Few brands have ever been successful at instilling desire in cinema audiences. Over the course of the past 30 years, Dolby, IMAX, and THX lead the list. Dolby was the first to demonstrate the power that a cinema brand can lend to consumer products. The idea proved to be so good that the space is overflowing today with brands. Rising above the fray is now the hardest part of cinema branding today. When shown a slide of the many brands that now clutter the cinema space, exhibitors almost unanimously point to only one as having the power to attract customers: IMAX. Hoping that some of IMAX’s success can rub off on them, RealD announced its plan to license its new LUXE brand of large format cinema experience.
RealD’s plan is nearly identical to one that I presented to THX over a year ago, providing an opportunity to comment from research performed at that time. (The THX work was a last ditch effort by management no longer there to salvage its presence in cinema. THX now touts its intellectual property, with Apple its first target in court.) The concept, if executed well, can be quite attractive to small and medium-sized exhibitors. Particularly outside of the US, where THX was strongly embraced at its peak, exhibitors seek ways to differentiate and convey quality. THX did this by certifying cinemas, an approach that worked well when the quality difference between a THX and non-THX auditorium was easy for audiences to experience. Such differences are not so easy to ascertain today.
IMAX succeeds with a different approach of controlling all details of the auditorium, screen, and equipment. But audiences don’t understand the details. Rather, they understand that IMAX has had a long history of providing excellent large screen experiences. IMAX continues to strongly market its brand, and audiences feel they will experience the best movie performance in an IMAX auditorium. Arguments can be made that other auditoriums do things in a better way, but this comes back to the whether the audience will notice the difference. At the risk of oversimplifying, IMAX doesn’t have to technically be the very best. But it has to convince the audience that it is the best, and IMAX does that very well.
Accordingly, it would be difficult to remove IMAX from its top-of-hill position. But there’s always room down the hill. Each of the top ten cinema circuits in the US has engaged in promoting their own large screen brand. This is not with the intent of exclusivity, however, as most if not all of these circuits also embrace IMAX at specific locations. But these circuits provide excellent proof that a second-tier brand can work.
When it comes to creating a new brand that goes across multiple cinema chains, RealD is one of the few companies in cinema capable of execution. It has a name and the necessary resources that its market valuation brings. It has unique technology to boot. RealD has its new Precision White screen to tout, providing a clear visual differentiator to the audience. And it has the technology, where needed, to enable the exhibitor to meet a high brightness standard for 3D.

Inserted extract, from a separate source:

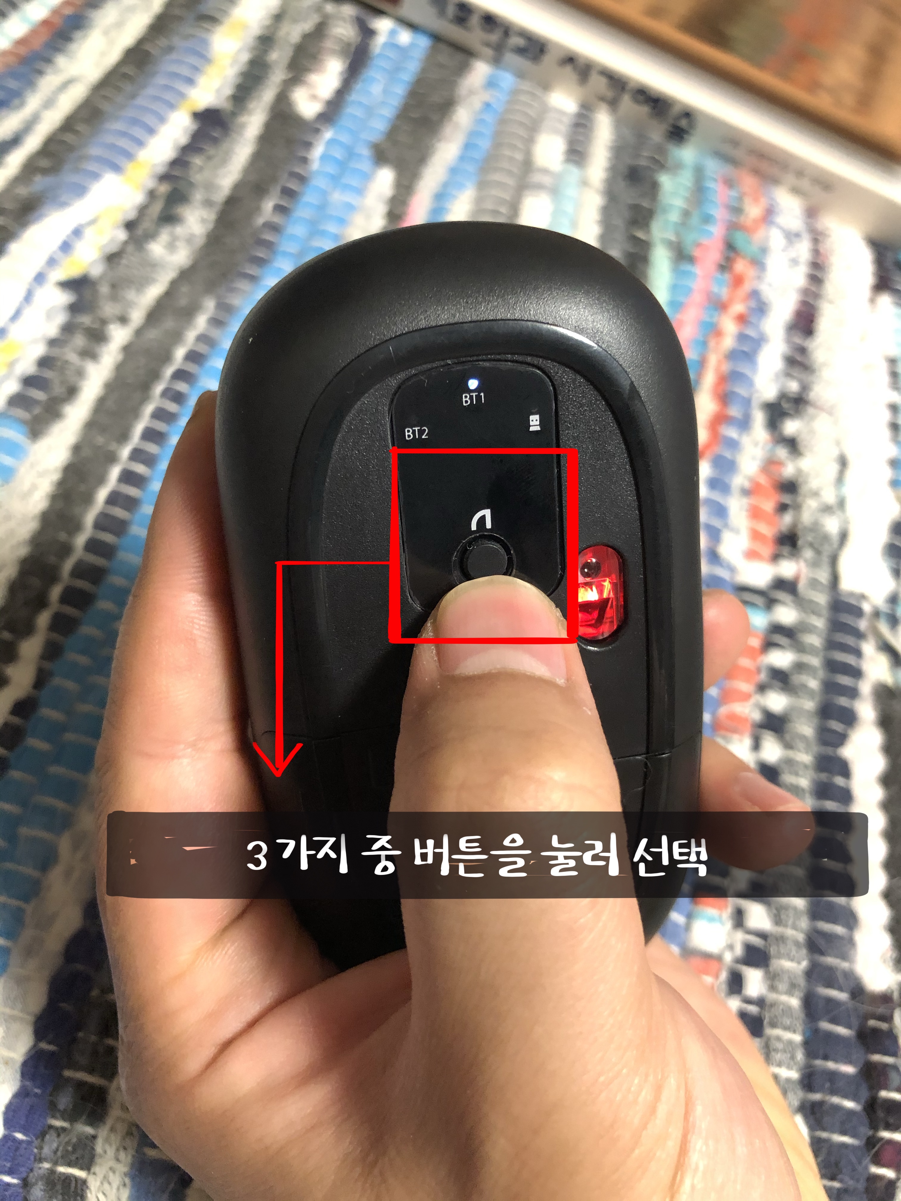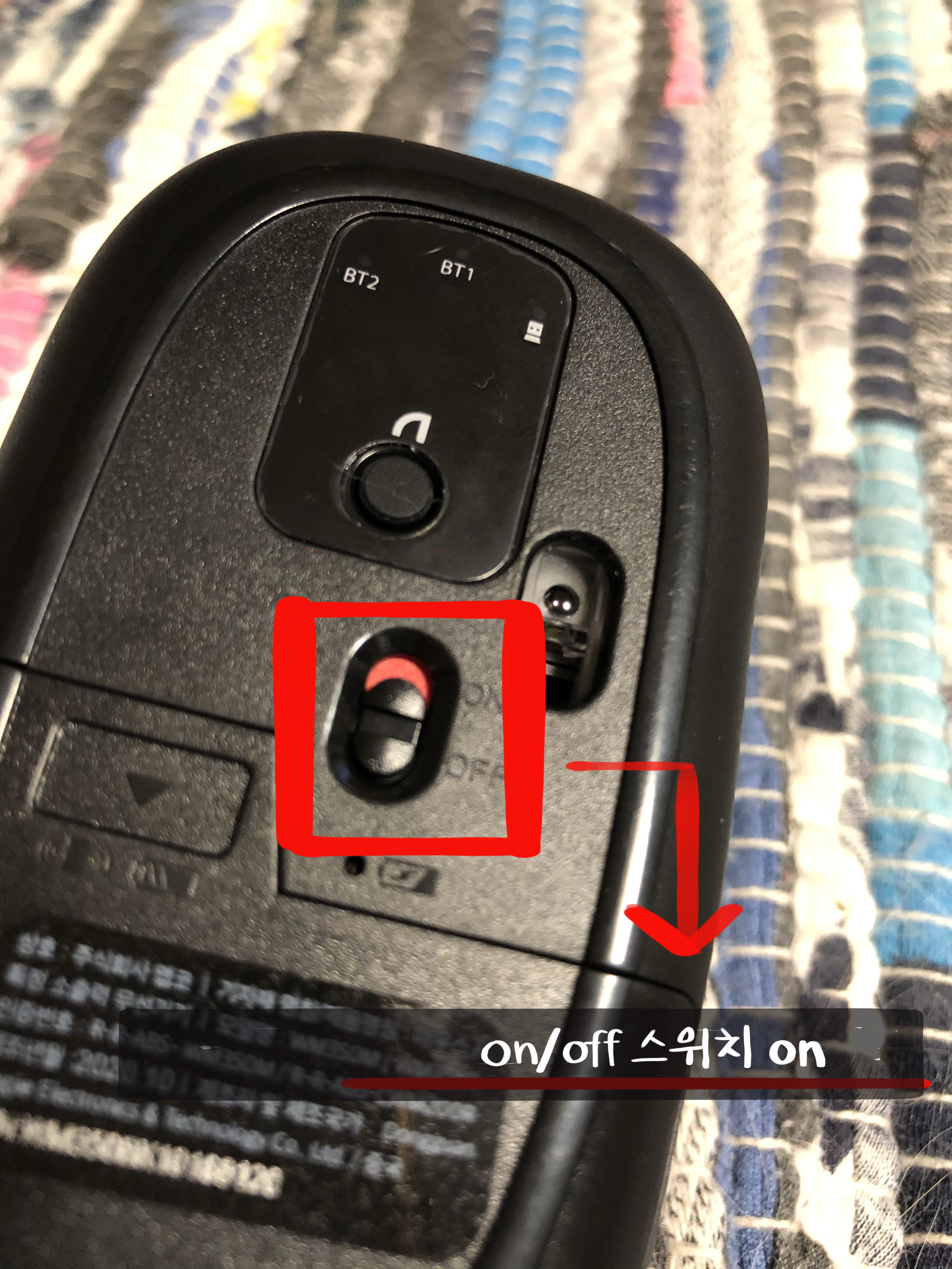 5. 마우스 뒷면에 on/off에서 버튼을 위로 올려 스위치 on 으로 켭니다.

But these aren’t reasons for entering the branded experience space. RealD has a few problems of its own that this move will address. Its per-ticket fee isn’t popular outside of the US, and building its brand in these regions is an important step to opening doors for growth. Just as problematic, Wall Street is disappointed that RealD has not been able to deliver on its promise to profit in the consumer market. ESPN’s recent exit from 3D sports programming in the US only reduces those chances. The company needs to convince the market that it has a plan for growth, and LUXE appears to be the path that RealD has chosen.
Wall Street, however, does not appear to be impressed. RealD’s stock dropped 7% on its announcement of LUXE, and stayed there. To investors, the backstory is that RealD failed to achieve its ambitions in the consumer market, and is changing course to compete head-on with IMAX. Instead of becoming a market leader in consumer 3D, it is now moving to become a second-tier brand in cinema experience. It’s a very different risk to what investors were originally sold, and it appears that they’re not buying it, at least for now.